== Dataset content ==
——

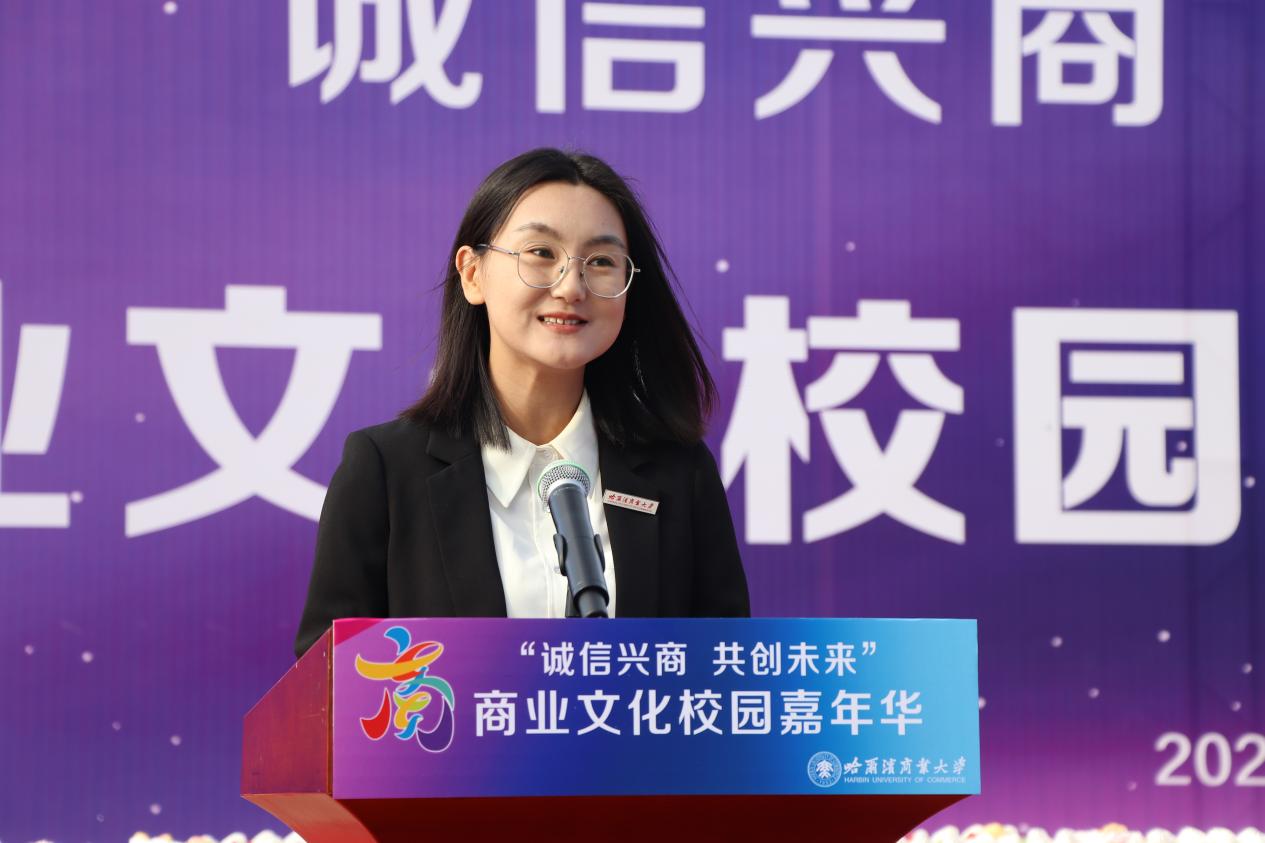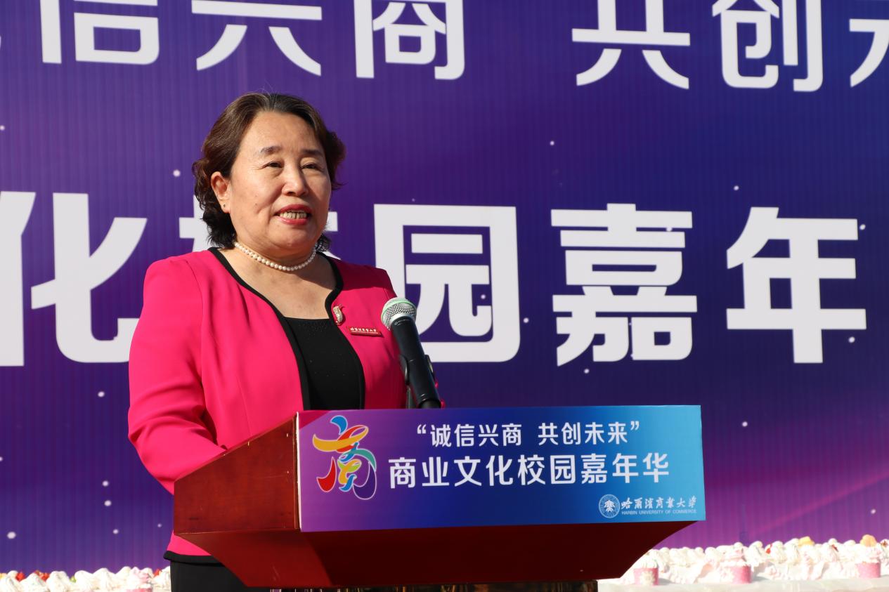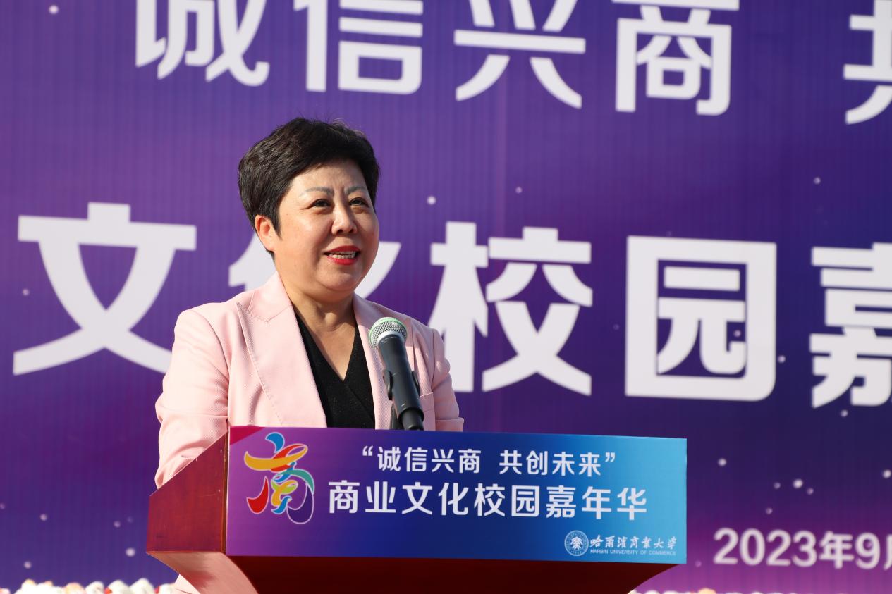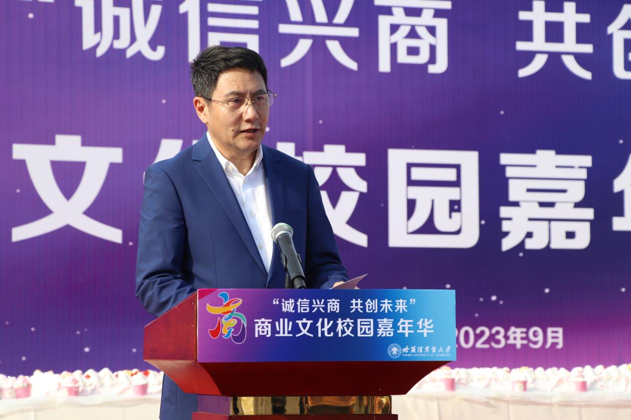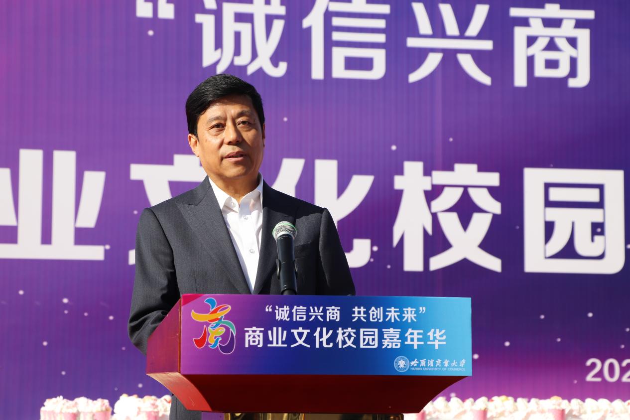 哈爾濱商業(yè)大學(xué)黨委書記孫先民致辭。他表示,誠信“軟實力”為高質(zhì)量發(fā)展提供“硬支撐”。本屆“誠信興商·共創(chuàng)未來”商業(yè)文化校園嘉年華活動堅持以文化力量啟智潤心、固本培元,是深入學(xué)習(xí)貫徹習(xí)近平總書記在主持召開新時代推動?xùn)|北全面振興座談會和視察我省時的重要講話重要指示精神,全面落實立德樹人根本任務(wù)的務(wù)實舉措。哈爾濱商業(yè)大學(xué)作為新中國第一所多科性商業(yè)大學(xué),始終堅持“大商鑄才、大雅育人、商雅兼?zhèn)洹⒔?jīng)世濟民”的育人理念,厚植師生“心懷祖國,至誠奉獻,以商弘業(yè),矢志一流”的大商之道?;顒訉⒊浞职l(fā)揮老字號在文化引領(lǐng)、品牌建設(shè)、產(chǎn)業(yè)升級等方面的示范引領(lǐng)作用,彰顯龍江市場主體活力與創(chuàng)新力,聚焦建設(shè)“六個龍江”、推進“八個振興”,筑牢堅定龍江文化繁榮發(fā)展的自信根基,進一步凝聚師生扎根龍江、服務(wù)龍江、建設(shè)龍江的情懷和力量。
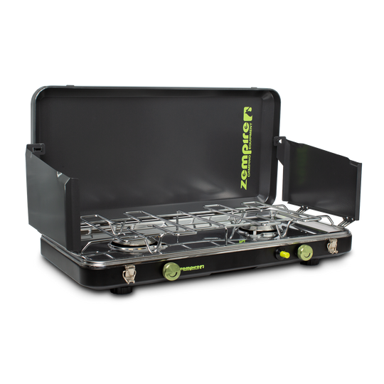The 2 Burner Deluxe is a portable and easy-to-use camping stove. The drop-down toaster is perfect for breakfast time and can be folded away when not needed, while the stainless steel drip tray makes clean up easy. The no-fuss suitcase design packs down small and features a wrap-around windshield and locking legs that create a stable platform on most surfaces.
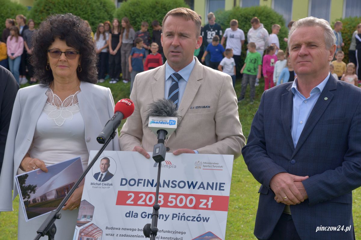 Na boisku przy Zespole Placówek Oświatowych w Kozubowie w powiecie pińczowskim w środę, 4 października odbyła się konferencja prasowa, w trakcie której przekazano promesę na budowę boiska wielofunkcyjnego.

——

== Exercise instructions ==
Would you repeat each line of the listing exactly, skipping any picture?

== Solution to this exercise ==
 哈爾濱商業(yè)大學(xué)黨委書記孫先民致辭。他表示,誠信“軟實力”為高質(zhì)量發(fā)展提供“硬支撐”。本屆“誠信興商·共創(chuàng)未來”商業(yè)文化校園嘉年華活動堅持以文化力量啟智潤心、固本培元,是深入學(xué)習(xí)貫徹習(xí)近平總書記在主持召開新時代推動?xùn)|北全面振興座談會和視察我省時的重要講話重要指示精神,全面落實立德樹人根本任務(wù)的務(wù)實舉措。哈爾濱商業(yè)大學(xué)作為新中國第一所多科性商業(yè)大學(xué),始終堅持“大商鑄才、大雅育人、商雅兼?zhèn)洹⒔?jīng)世濟民”的育人理念,厚植師生“心懷祖國,至誠奉獻,以商弘業(yè),矢志一流”的大商之道?;顒訉⒊浞职l(fā)揮老字號在文化引領(lǐng)、品牌建設(shè)、產(chǎn)業(yè)升級等方面的示范引領(lǐng)作用,彰顯龍江市場主體活力與創(chuàng)新力,聚焦建設(shè)“六個龍江”、推進“八個振興”,筑牢堅定龍江文化繁榮發(fā)展的自信根基,進一步凝聚師生扎根龍江、服務(wù)龍江、建設(shè)龍江的情懷和力量。
The 2 Burner Deluxe is a portable and easy-to-use camping stove. The drop-down toaster is perfect for breakfast time and can be folded away when not needed, while the stainless steel drip tray makes clean up easy. The no-fuss suitcase design packs down small and features a wrap-around windshield and locking legs that create a stable platform on most surfaces.
 Na boisku przy Zespole Placówek Oświatowych w Kozubowie w powiecie pińczowskim w środę, 4 października odbyła się konferencja prasowa, w trakcie której przekazano promesę na budowę boiska wielofunkcyjnego.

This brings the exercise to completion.